Aging-related disorders:

• Given MON2's contribution to longevity pathways , dysfunction might accelerate aging processes

• This could contribute to age-related pathologies across multiple systems

Metabolic disorders:

• The relationship between MON2 and mitochondrial function suggests roles in metabolic regulation

• MON2 dysfunction might affect cellular energy homeostasis

Research approaches should include analysis of MON2 mutations or expression changes in disease cohorts and creation of disease-relevant models with MON2 alterations.

What computational approaches can help predict MON2 structure-function relationships?

Computational methods offer powerful tools for understanding MON2 function:

Structural bioinformatics:

• Homology modeling based on related proteins like BIG and Golgi brefeldin A resistance factors

• Molecular docking to identify potential interaction interfaces with partners like Dop1

• Molecular dynamics simulations to understand conformational dynamics

Network analysis:

• Protein-protein interaction network construction

• Integration of multi-omics data to place MON2 in biological pathways

• Genetic interaction network analysis

Evolutionary analysis:

• Comparative genomics across species (MON2 is conserved from humans to protozoa)

• Analysis of selection pressures on different domains

• Identification of co-evolving protein families

Machine learning applications:

• Prediction of post-translational modification sites

• Identification of trafficking motifs or localization signals

• Integration of diverse data types to predict condition-specific functions

The extensive homology of MON2 "with the noncatalytic parts of both the BIG and Golgi brefeldin A resistance factor subfamilies of Arf GEFs" provides a solid foundation for computational approaches, particularly structural modeling and evolutionary analyses.

What emerging technologies will advance understanding of MON2 functions?
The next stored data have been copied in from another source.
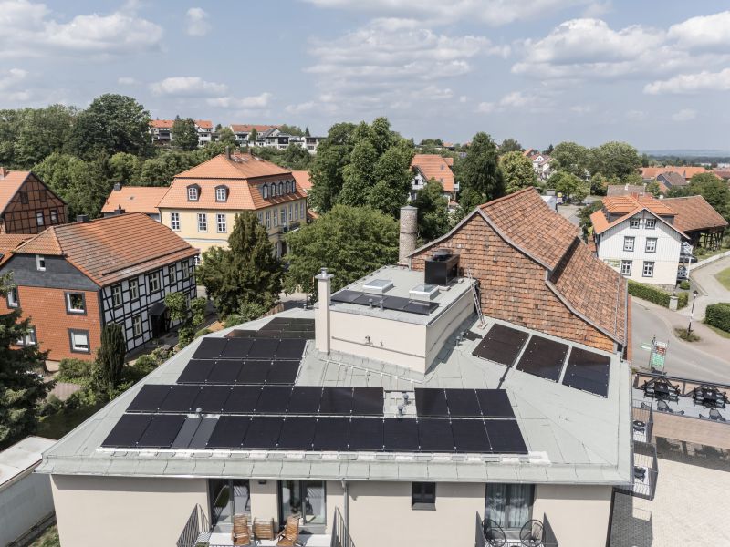 So ist es möglich, dass 100 % des erzeugten PV-Stroms im Hotel selbst genutzt werden. Ein fossiler Spitzenlasterzeuger ist nicht erforderlich.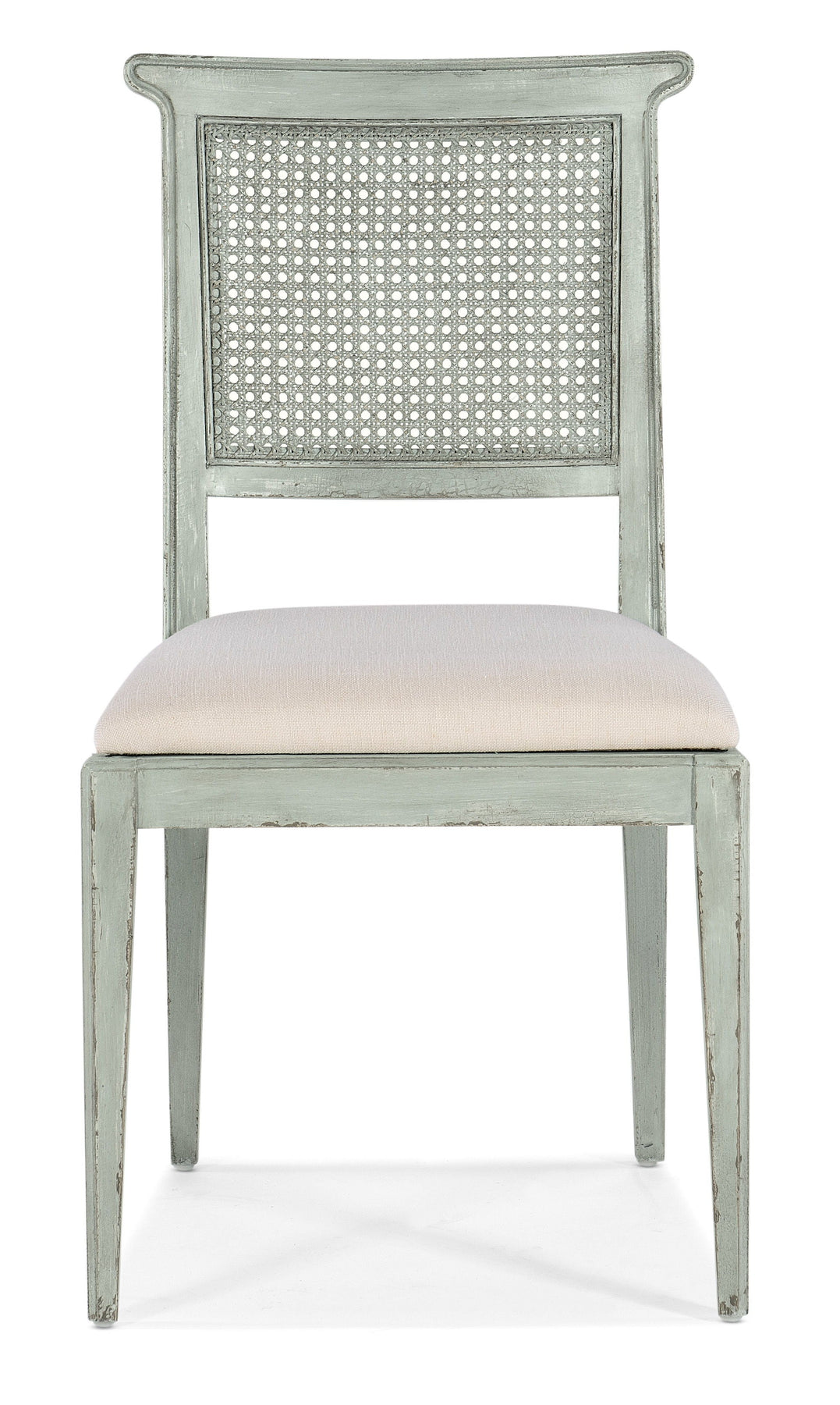 Inspired by the tropical craftsmanship of the West Indies and the woven cane accents of classic British and Dutch Colonial design, the Charleston Upholstered Seat Side Chair has an oyster-colored fabric seat and a cane back. The color is the result of the natural patina formed when copper is exposed to air and seawater. This weathered green color represents years of Low Country heat and moisture degrading the pure pigment color, creating a truly venerable aesthetic.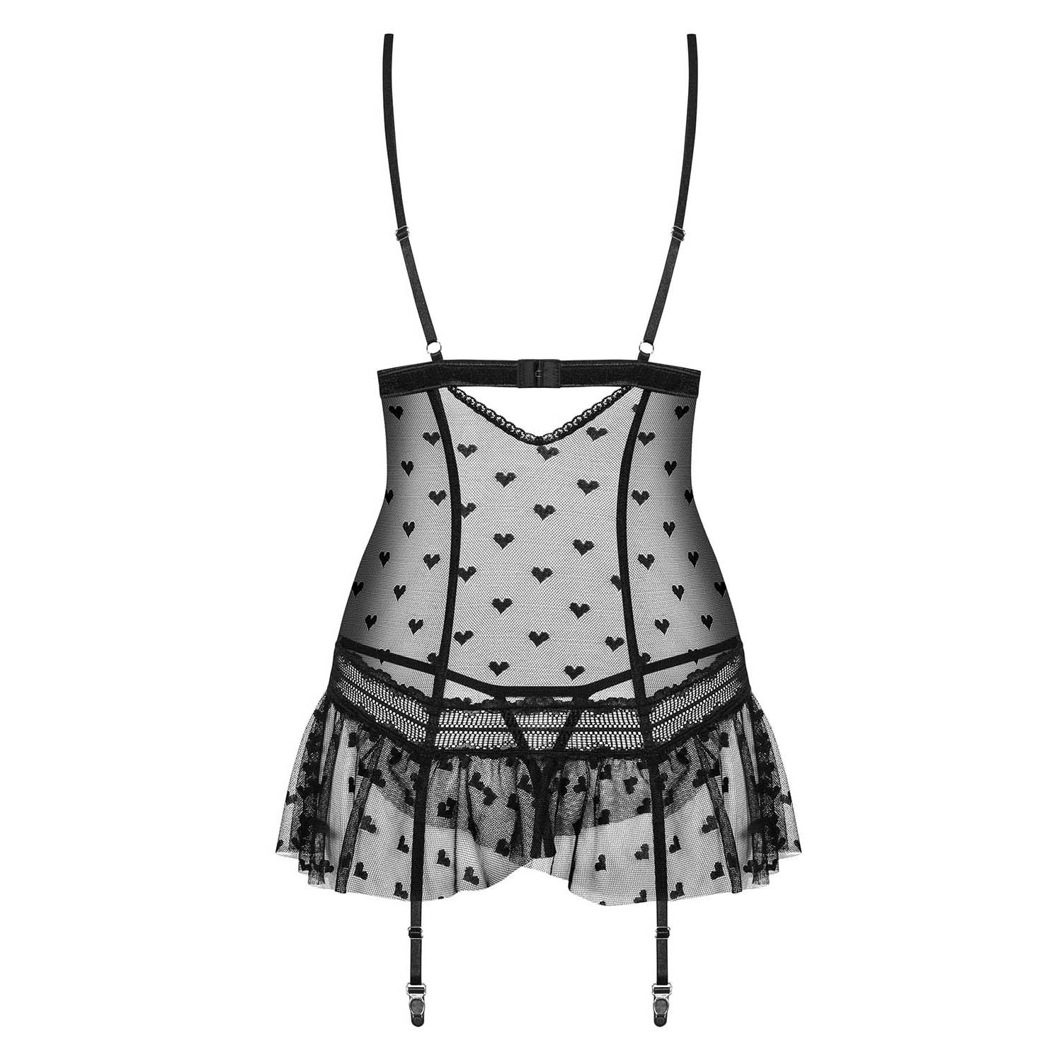 Caderas suavemente enfatizadas, un poco de elegante encaje y malla con un patrón sutil. Imagine una combinación de ligueros sexys y una tanga traviesa, ¡una mezcla realmente explosiva!

Cutting-edge technologies that could drive MON2 research forward include:

Advanced imaging approaches:

• Lattice light-sheet microscopy for high-speed 3D imaging of trafficking events

• Super-resolution microscopy (STORM, PALM, STED) to resolve suborganelle localization

• Correlative light and electron microscopy (CLEM) to connect dynamics with ultrastructure

Proximity labeling technologies:

• TurboID or miniTurbo for rapid biotin labeling of proteins near MON2

• Split-TurboID systems to detect specific interaction events

• APEX2 proximity labeling for electron microscopy visualization

Optogenetic and chemical-genetic tools:

• Optogenetic recruitment or inactivation of MON2 at specific organelles

• Rapidly degradable MON2 variants using systems like dTAG

• Chemically induced dimerization to manipulate MON2 interactions

Single-cell approaches:

• Single-cell proteomics to analyze MON2 levels across cell populations

• Spatial transcriptomics to map MON2 expression in tissues

• Single-cell metabolomics to correlate MON2 function with metabolic states

These technologies would be particularly valuable for understanding the dynamic translocation of MON2 during starvation and its relationship to autophagy and longevity pathways.

How can researchers best study the interplay between MON2 and mitochondrial function?

The connection between MON2 and mitochondrial function represents an important area for future research:

Evidence for MON2-mitochondria connections:

• MON-2 is required for longevity of mitochondrial respiration mutants

• Mitochondrial isp-1 mutation increases MON-2 protein levels post-transcriptionally

• MON2 contributes to organismal longevity through communication among mitochondria, the Golgi, and autophagosomes

Methodological approaches:

• Mitochondrial morphology and function analysis in MON2-deficient models

• Tracking of mitochondria-derived vesicles and their interaction with the Golgi

• Investigation of mitophagy processes in relation to MON2 function

• Analysis of retrograde signaling from mitochondria to the nucleus in MON2 mutants

The observation that MON2 is required for the longevity conferred by inhibition of mitochondrial respiration suggests a potential role in mitonuclear communication that warrants further investigation.